[Excerpts from a dataset]
───

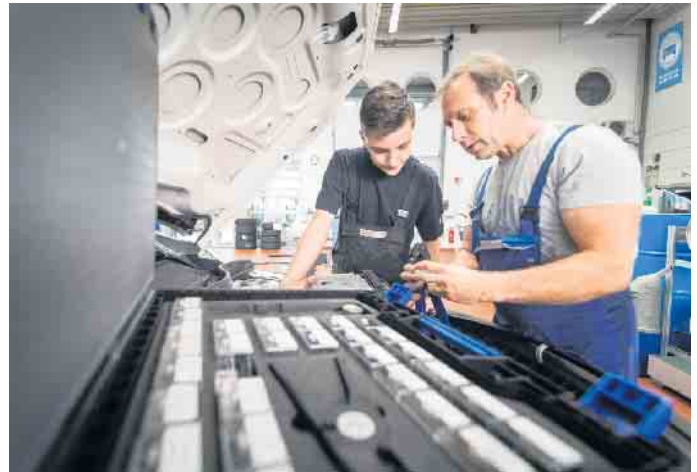
Eine Ausbildung im Kfz-Gewerbe eröffnet vielfältige Berufsbilder und Karriereoptionen.

Dazu werden die Perspektiven aufgezeigt, die sich für die Berufseinsteiger nach dem erfolgreichen Ausbildungsabschluss eröffnen. So bringt bereits eine zweijährige Weiterbildung Spezialisierungen innerhalb des gewählten Ausbildungsberufs hervor, etwa den geprüften Kfz-Service-Techniker, geprüften Automobil-Verkäufer oder -Serviceberater sowie weitere Kfz-spezifische Qualifizierungen. Darüber hinaus steht auch der Weg zu Führungspositionen oder zur Selbstständigkeit offen. Der klassische Meister etwa kann zum Werkstattmanager oder Be-
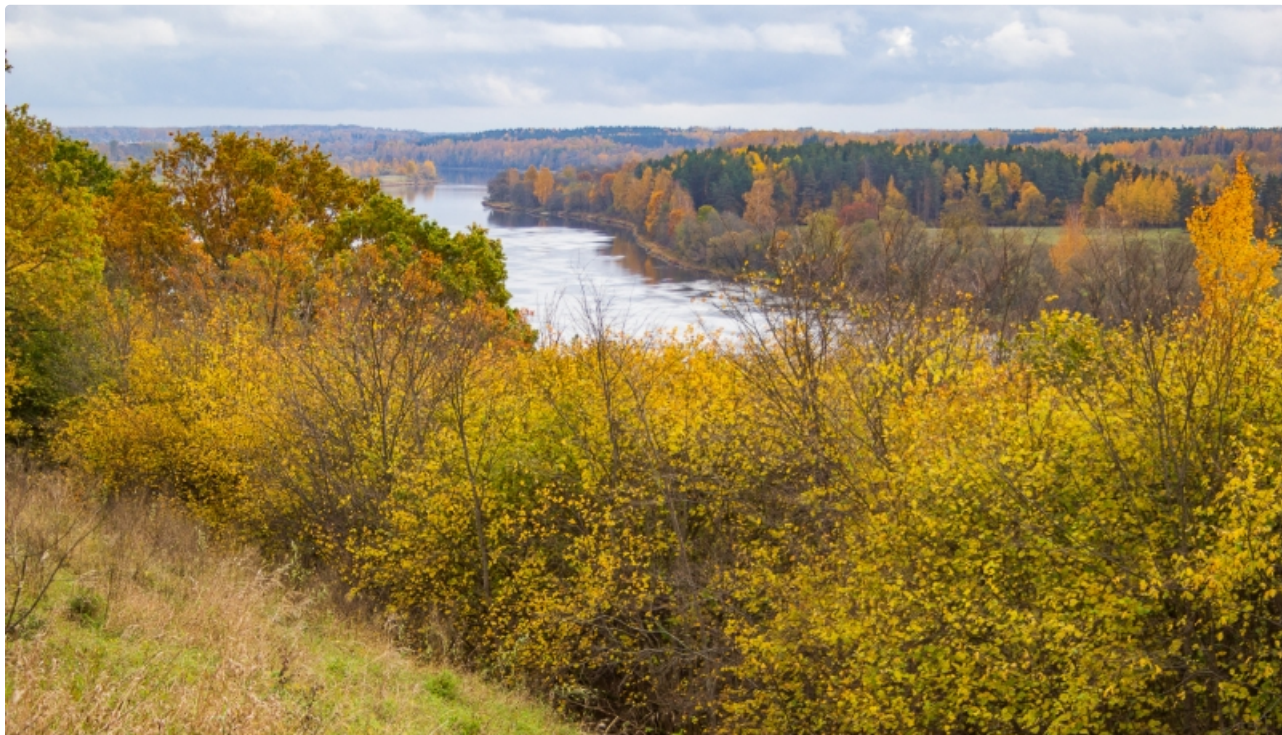
Dabas parks DAUGAVAS IELEJA. Daugava pie Skrīveriem.

Dabas parks izveidots, lai aizsargātu Daugavas senlejas raksturīgāko posmu, kas palicis nepārveidots, būvējot Pļaviņu HES. Galvenā vērtība senlejas pamatkrasta stāvajai nogāzei līdz Dīvajai ietekai, kur nogāzes klāj vērtīgi platlapju nogāžu un gravu meži. Teritorijā daudz dabisku, botāniski vērtīgu sausu pļavu kaļķainās augsnēs un mēreni mitru pļavu, kurās sastopamas retas un aizsargājamas augu sugas. Konstatētas arī kaļķainas smiltāju pļavas, eitrofas augsto lakstaugu audzes. Tuvāk Aizkrauklei arī dolomītu atsegumi, avotu izplūdes vietas krastā. Izcila retu sīkspārņu barošanās vieta.
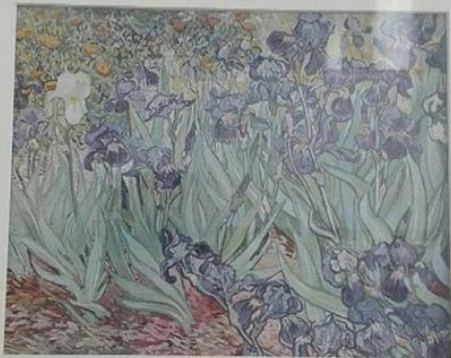
ВИНСЕНТ ВАН ГОГ «ИРИСЫ»
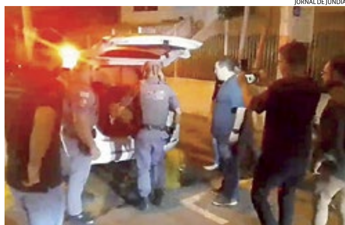
O momento em que o suspeito preso pela PM chega na DIG
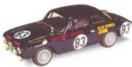
PK 068 - Alfa Romeo Giulia GTJ 1300 Spa - 1968
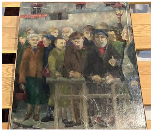
Le peuple du 15 e nous regarde
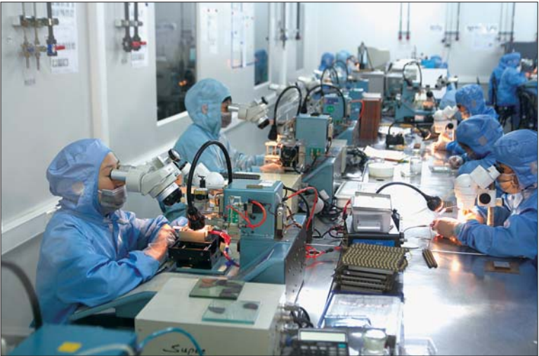
浪潮华光。
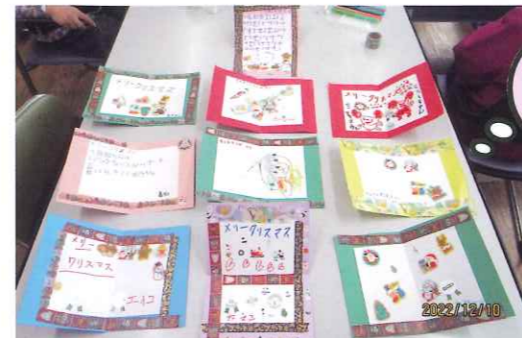
皆さんオリジナルのカード完成

12月10日(土)の余暇支援はクリスマスカードとケーキ作りを行いました。午前中はシールやカラーペンでカードを作成し、その後交換会をしました。みんなで輪になりカードを回し、音楽が止まったところで手にしたカードをもらいました。誰のカードをもらえるかドキドキでしたが、カラフルなカードを手にして皆さん嬉しそうでした。午後はグループごとにケーキを作りました。ロールケーキにクリームを塗り、フォークで木の模様をつけていきます。アラザンやピックで飾りつけ、ブッシュドノエルを完成させました。同じレシピでもそれぞれ個性が出ており、どれも美味しそうでした。
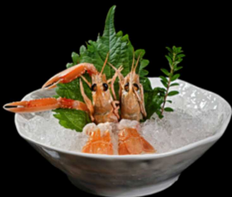
47. SASHIMI SCAMPO 2PZ € 8.00
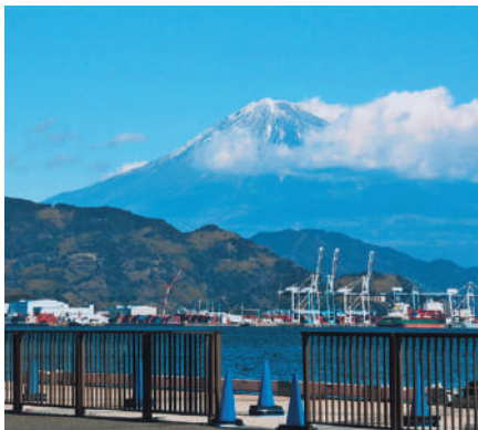
日の出埠頭からコンテナ基地の ガントリークレーンが見える

第二次修築事業は、1921 (1938 (大正10年) 昭和13年) 当時の船への荷役作業は沖積みと

───

**Exercise requirements**
Scan the records for the word "Dabas" and copy every line where it is found.

**Response box**
Dabas parks DAUGAVAS IELEJA. Daugava pie Skrīveriem.
Dabas parks izveidots, lai aizsargātu Daugavas senlejas raksturīgāko posmu, kas palicis nepārveidots, būvējot Pļaviņu HES. Galvenā vērtība senlejas pamatkrasta stāvajai nogāzei līdz Dīvajai ietekai, kur nogāzes klāj vērtīgi platlapju nogāžu un gravu meži. Teritorijā daudz dabisku, botāniski vērtīgu sausu pļavu kaļķainās augsnēs un mēreni mitru pļavu, kurās sastopamas retas un aizsargājamas augu sugas. Konstatētas arī kaļķainas smiltāju pļavas, eitrofas augsto lakstaugu audzes. Tuvāk Aizkrauklei arī dolomītu atsegumi, avotu izplūdes vietas krastā. Izcila retu sīkspārņu barošanās vieta.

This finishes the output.